• [Aim of the task]
Set down, exactly and with no pictures, the line that contains "Wrap some floral" and all lines after it in the listing.

• [Records provided]
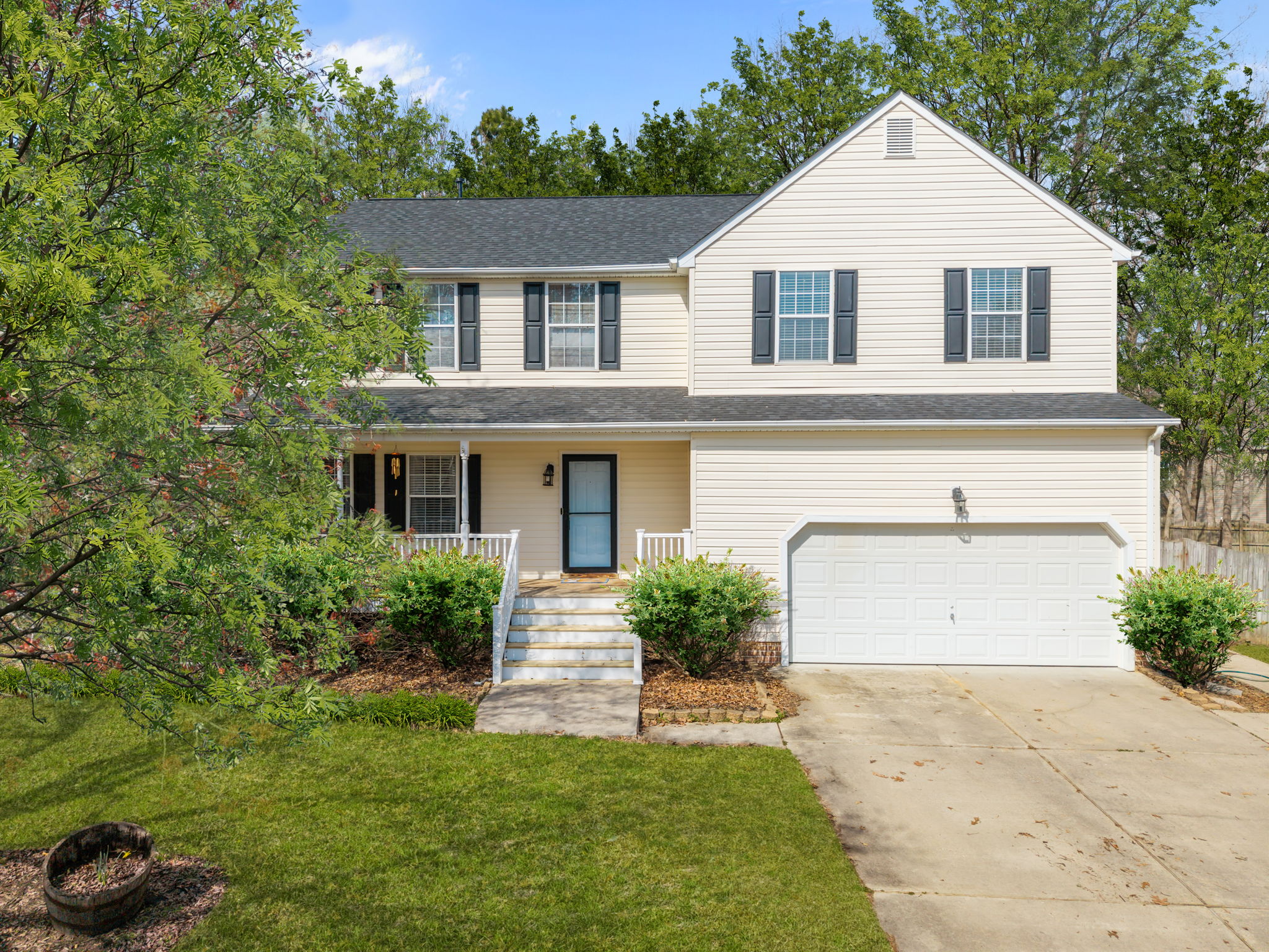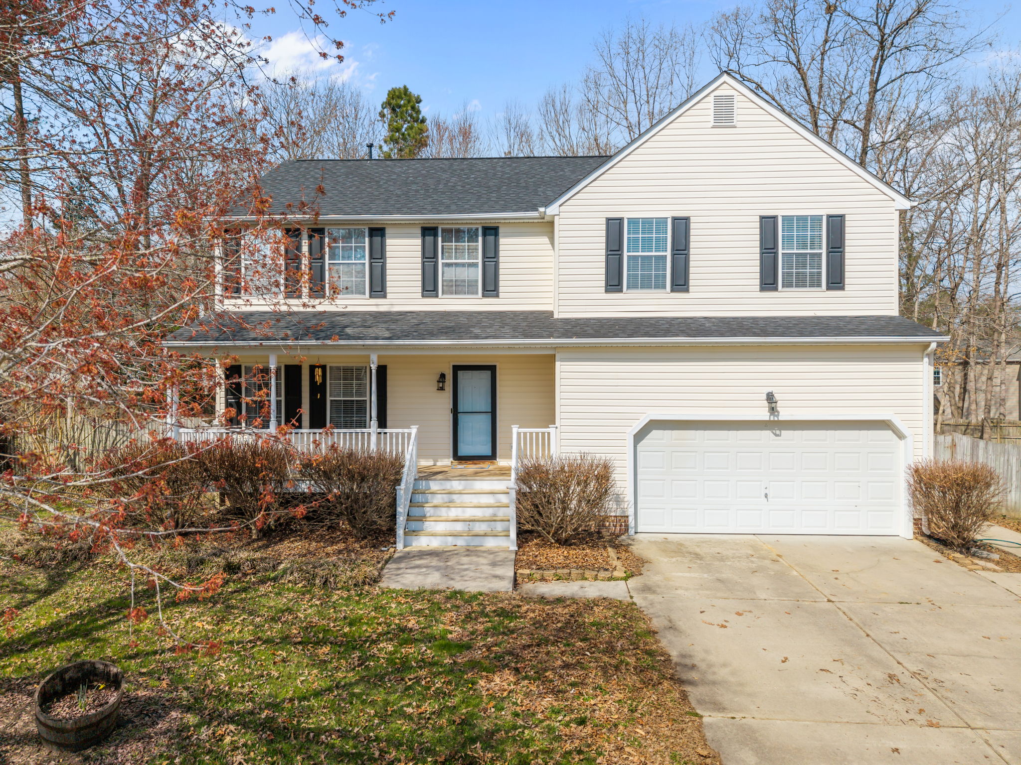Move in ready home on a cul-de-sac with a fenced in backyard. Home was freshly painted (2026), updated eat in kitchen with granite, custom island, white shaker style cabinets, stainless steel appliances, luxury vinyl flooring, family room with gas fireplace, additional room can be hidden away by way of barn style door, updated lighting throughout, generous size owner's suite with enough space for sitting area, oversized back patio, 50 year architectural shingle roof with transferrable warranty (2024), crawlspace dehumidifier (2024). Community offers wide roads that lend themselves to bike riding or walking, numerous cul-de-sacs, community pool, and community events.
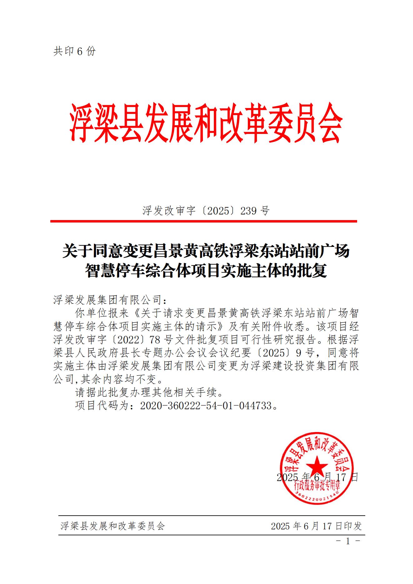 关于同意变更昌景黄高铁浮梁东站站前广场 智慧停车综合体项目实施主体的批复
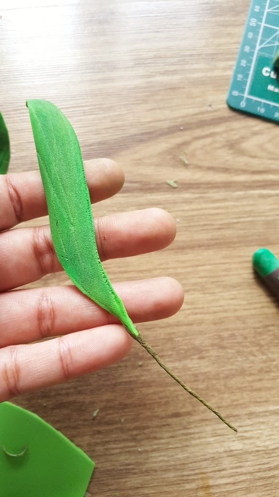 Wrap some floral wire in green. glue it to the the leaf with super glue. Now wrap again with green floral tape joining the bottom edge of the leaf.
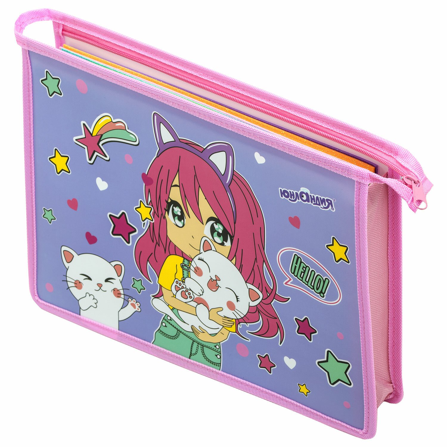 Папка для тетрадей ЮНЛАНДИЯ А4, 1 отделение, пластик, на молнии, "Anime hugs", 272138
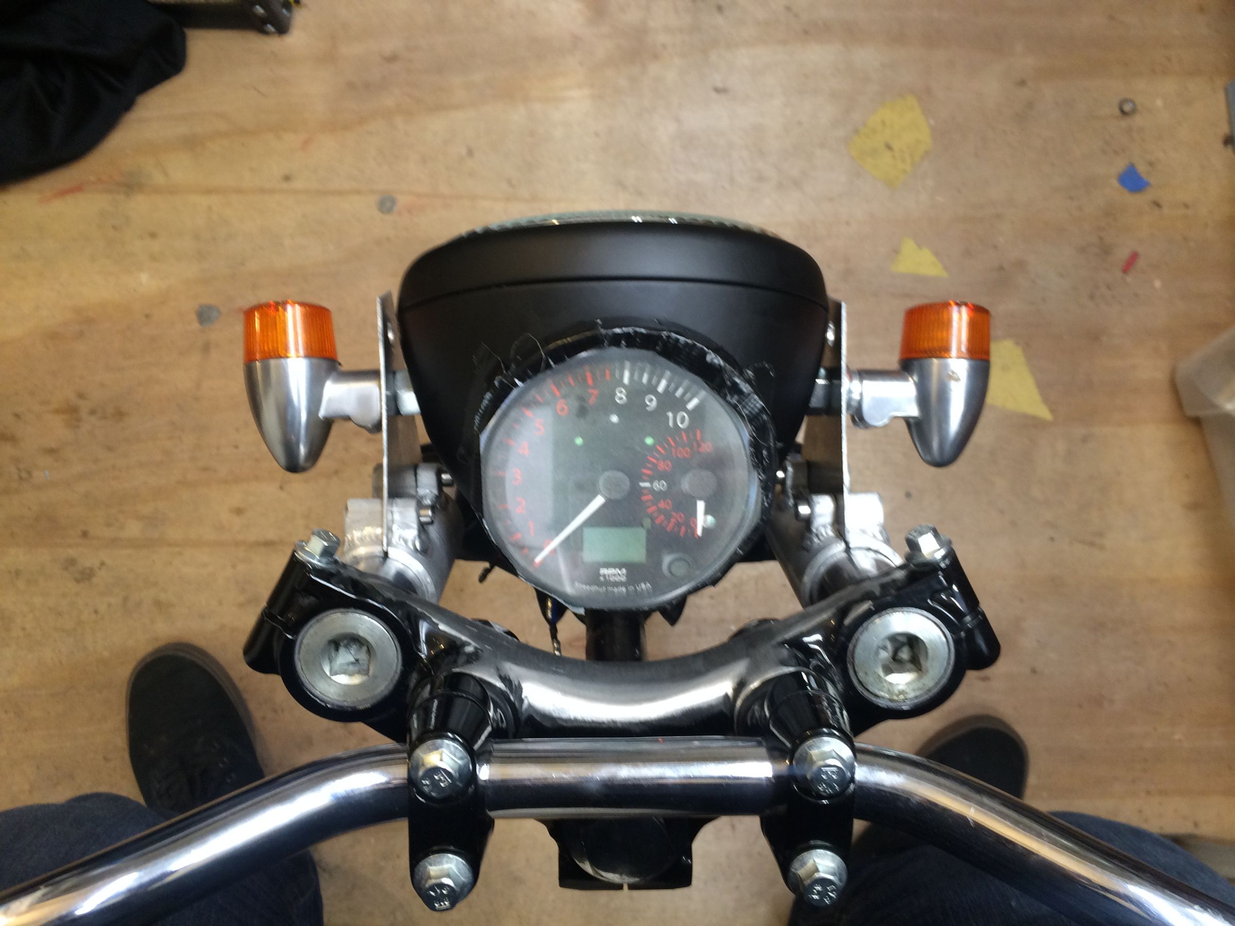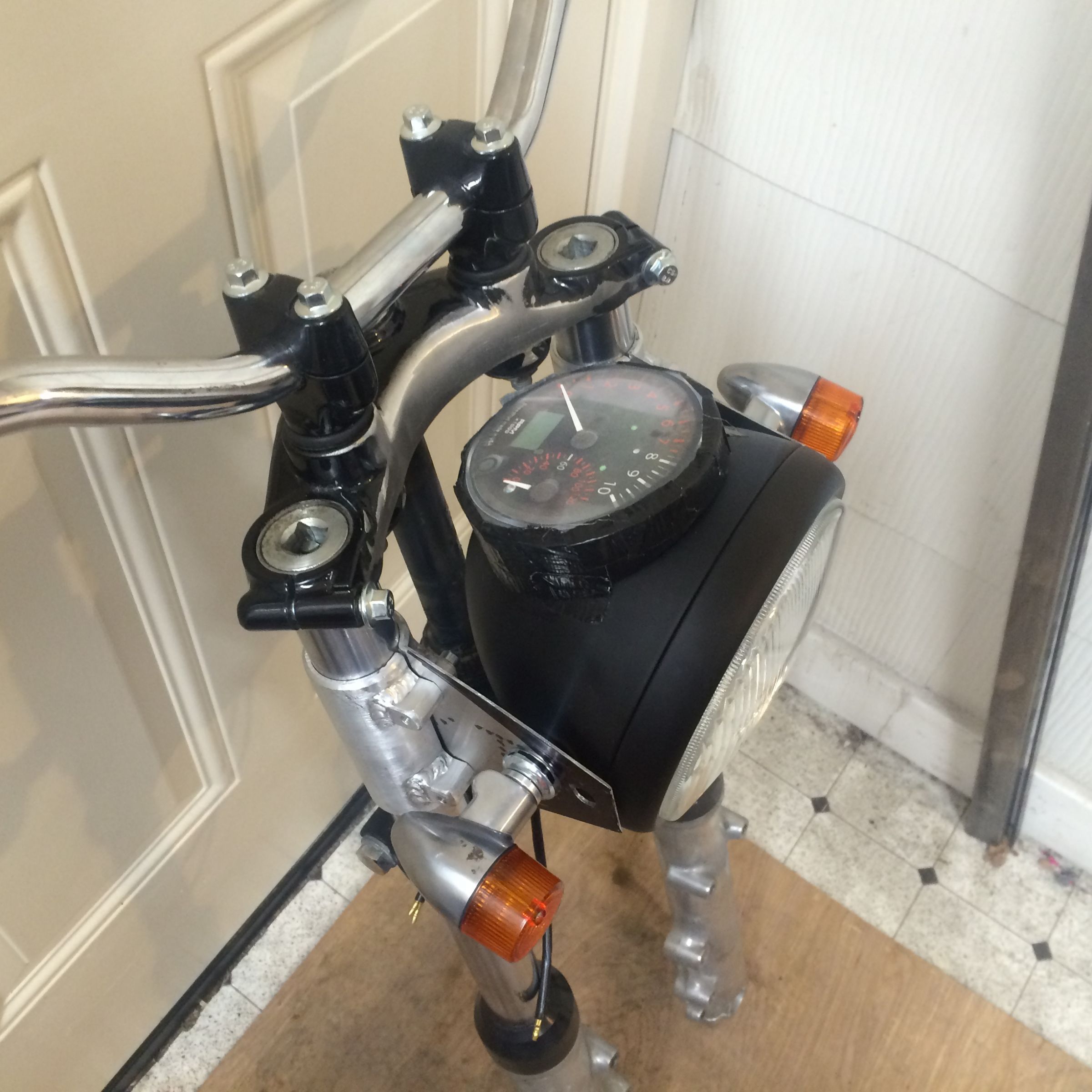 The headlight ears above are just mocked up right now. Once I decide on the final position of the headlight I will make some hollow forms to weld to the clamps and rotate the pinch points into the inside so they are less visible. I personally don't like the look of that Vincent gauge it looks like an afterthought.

• [Exercise output]
 Wrap some floral wire in green. glue it to the the leaf with super glue. Now wrap again with green floral tape joining the bottom edge of the leaf.
 Папка для тетрадей ЮНЛАНДИЯ А4, 1 отделение, пластик, на молнии, "Anime hugs", 272138
 The headlight ears above are just mocked up right now. Once I decide on the final position of the headlight I will make some hollow forms to weld to the clamps and rotate the pinch points into the inside so they are less visible. I personally don't like the look of that Vincent gauge it looks like an afterthought.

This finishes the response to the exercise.